20.  The fact that D was acquitted of the rape is not of itself private information the publication of which would be incompatible with his right to privacy. This has nothing to do with his private life. The trial was held in public, and the media were at liberty to publish D’s name along with other details of the case other than the identity of the complainant. But the point to which the BBC wish to draw attention is not confined to his acquittal. At the heart of the broadcast will be the fact that a DNA profile obtained from a saliva sample that was taken from him when he was arrested for an offence of burglary was matched with the DNA profile obtained from swabs taken from the rape victim. The judge’s ruling that the DNA evidence was inadmissible having been held to have been wrong in Attorney General’s Reference (No 3 of 1999) [2001] 2 AC 91, it is arguable that it is available as new and compelling evidence for the purpose of a retrial within the meaning of section 78 of the Criminal Justice Act 2003. What the BBC wish to do is to undermine his acquittal and to campaign for his retrial. Lord Pannick’s response is that if the keeping and storing of his DNA sample was an interference with the right guaranteed to D by article 8(1), so too must be the programme that the BBC wish to make which will refer to him by name and to the circumstances of his acquittal on the assumption that his DNA profile is available as new and compelling evidence.

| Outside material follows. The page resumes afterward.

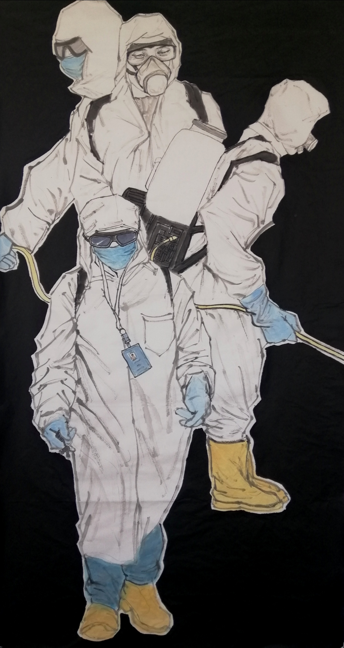 《抗疫之行》作者宋雅菲 尺寸180cmx96cm 指导老师 张显果

21.  D was acquitted of the burglary, and it was conceded in that case that his DNA profile ought to have been removed from the database before the match was made under section 64(1) of the Police and Criminal Evidence Act 1984, as it was prior to the substitution of section 64(1A) by section 82 of the Criminal Justice and Police Act 2001. In R (S) v Chief Constable of the South Yorkshire Police [2004] UKHL 39, [2004] 1 WLR 2196, differing views were expressed as to whether retention of fingerprints or samples amounted to an interference with the right to respect for private life. In para 31 Lord Steyn said that he inclined to the view that article 8(1) was not engaged and that, if he was wrong in this view, any interference was very modest indeed. Baroness Hale of Richmond disagreed. In para 78 she said that it would be surprising if Strasbourg were not to consider it incumbent upon the state to justify its retention and storage of DNA samples and profiles. Her prediction was borne out by the court’s decision in S and Marper v United Kingdom, Application Nos 30562/04 and 30566/04, 4 December 2008. In that case the Grand Chamber drew attention in para 122 to the risk of stigmatising those who have not been convicted of any offence and are entitled to the presumption of innocence. It held that the blanket and indiscriminate nature of the power of retention under the substituted section 64(1A) of PACE failed to strike a fair balance between the competing public and private interests, and that there had been a violation of article 8: para 125.

22.  As the indiscriminate retention of samples of a person’s DNA must now be held to be incompatible with his rights under article 8(1), so too must be the publication of the fact that his retained DNA has been used to link him to the commission of a crime of which he has been acquitted. I think that it must follow that the test as to whether this was information in respect of which D had a reasonable expectation of privacy is satisfied. He was acquitted of the burglary in connection with which his DNA samples were taken. He has been acquitted of the rape too. The double jeopardy rule has been abolished but the Attorney General has not taken steps to seek his retrial for that offence. He remains entitled to the presumption of innocence. This is not just an article 6 point. It has a direct bearing on the approach that must be taken to his article 8 right. The link that his DNA sample provides to the commission of the rape is personal information. The giving of publicity to the link will inevitably suggest that he is guilty of the offence. Lord Pannick described this as the jigsaw effect. His reputation, his personality, the umbrella that protects his personal space from intrusion, will just as inevitably be damaged by it. The conclusion that broadcasting this information will engage his right to respect for his private life seems to me to be inescapable.